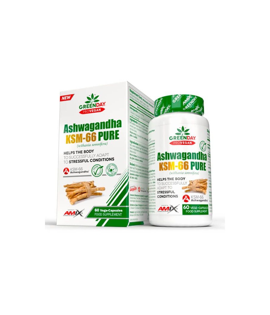 GreenDay® ProVegan Ashwagandha KSM-66 Pure es un complemento alimenticio en cápsulas vegetales a base del extracto patentado (KSM-66) de la raíz Withania somnifera L., conocida como Ashwagandha. Este suplemento está diseñado para ayudar a mantener la relajación y el bienestar físico y mental.
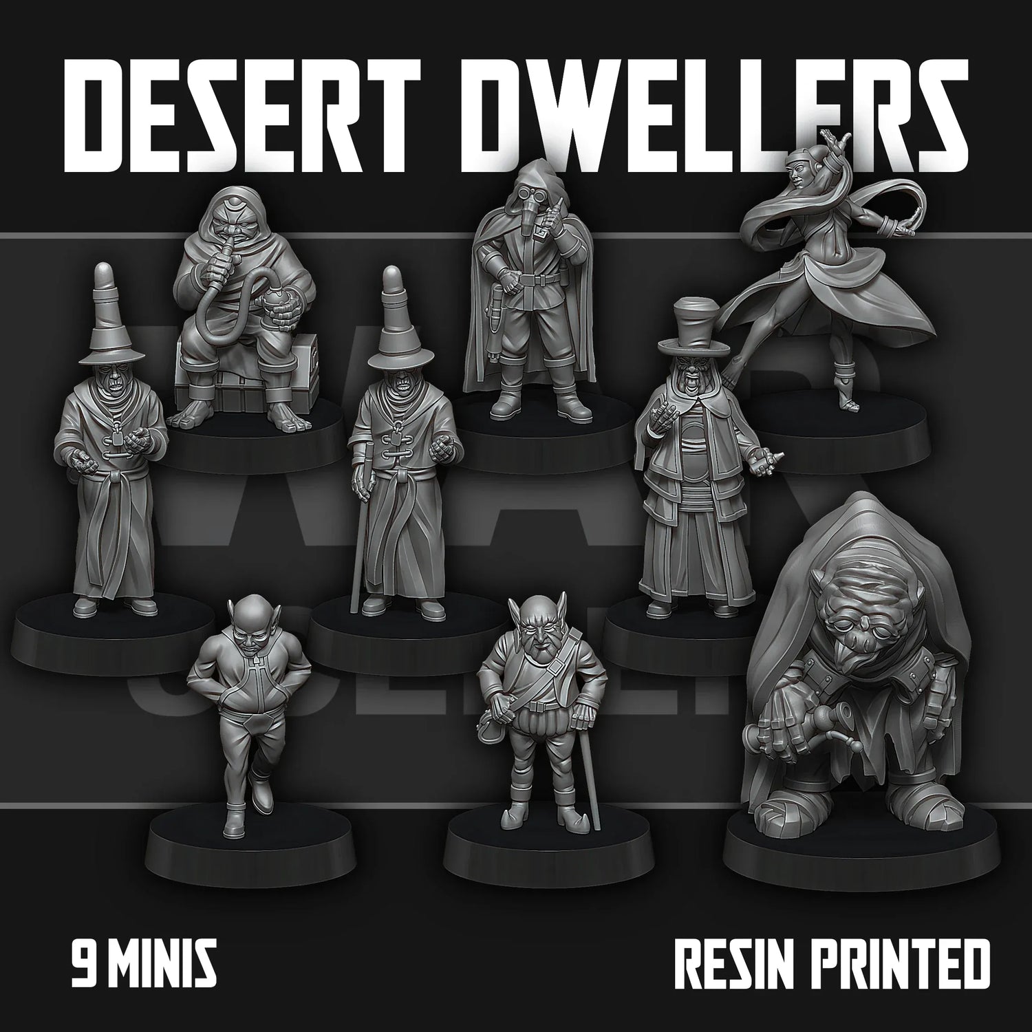 Included: 10 Desert Dwellers in 1:47 (35mm) scale and 10 27mm bases.
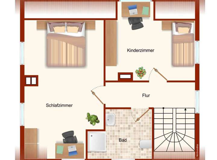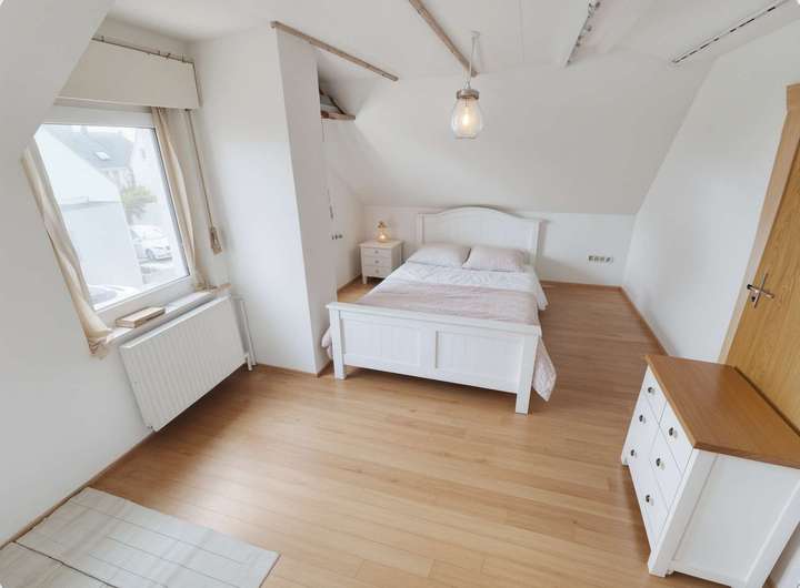 Eine Treppe im Flur führt nach links ins ausgebaute Dachgeschoss. Dort stehen Ihnen zwei Schlafzimmer und ein Duschbad mit WC zur Verfügung, ideal für die Bedürfnisse einer kleinen Familie.
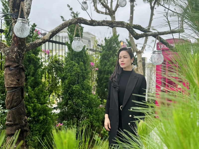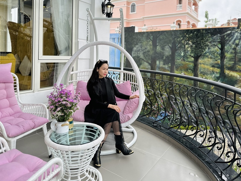 Nhật Kim Anh thích thú đứng ở ban công biệt thự, ngắm cảnh thiên nhiên trong lành, tận hưởng không khí mát mẻ trên đồi An Sơn. Buổi sáng dậy sớm, cô săn mây, đọc sách thư giãn, cà phê tán gẫu với bạn bè. Cô chia sẻ buổi tối tổ chức tiệc nướng ngay trong khu vườn xinh xắn.

◇ ◇ ◇ ◇ ◇

◆ Exercise prompt:
Without reproducing any picture, repeat exactly the lines from the one containing "Eine Treppe im" through the last line of the material above, both ends included.

◆ Answer for the task:
 Eine Treppe im Flur führt nach links ins ausgebaute Dachgeschoss. Dort stehen Ihnen zwei Schlafzimmer und ein Duschbad mit WC zur Verfügung, ideal für die Bedürfnisse einer kleinen Familie.
 Nhật Kim Anh thích thú đứng ở ban công biệt thự, ngắm cảnh thiên nhiên trong lành, tận hưởng không khí mát mẻ trên đồi An Sơn. Buổi sáng dậy sớm, cô săn mây, đọc sách thư giãn, cà phê tán gẫu với bạn bè. Cô chia sẻ buổi tối tổ chức tiệc nướng ngay trong khu vườn xinh xắn.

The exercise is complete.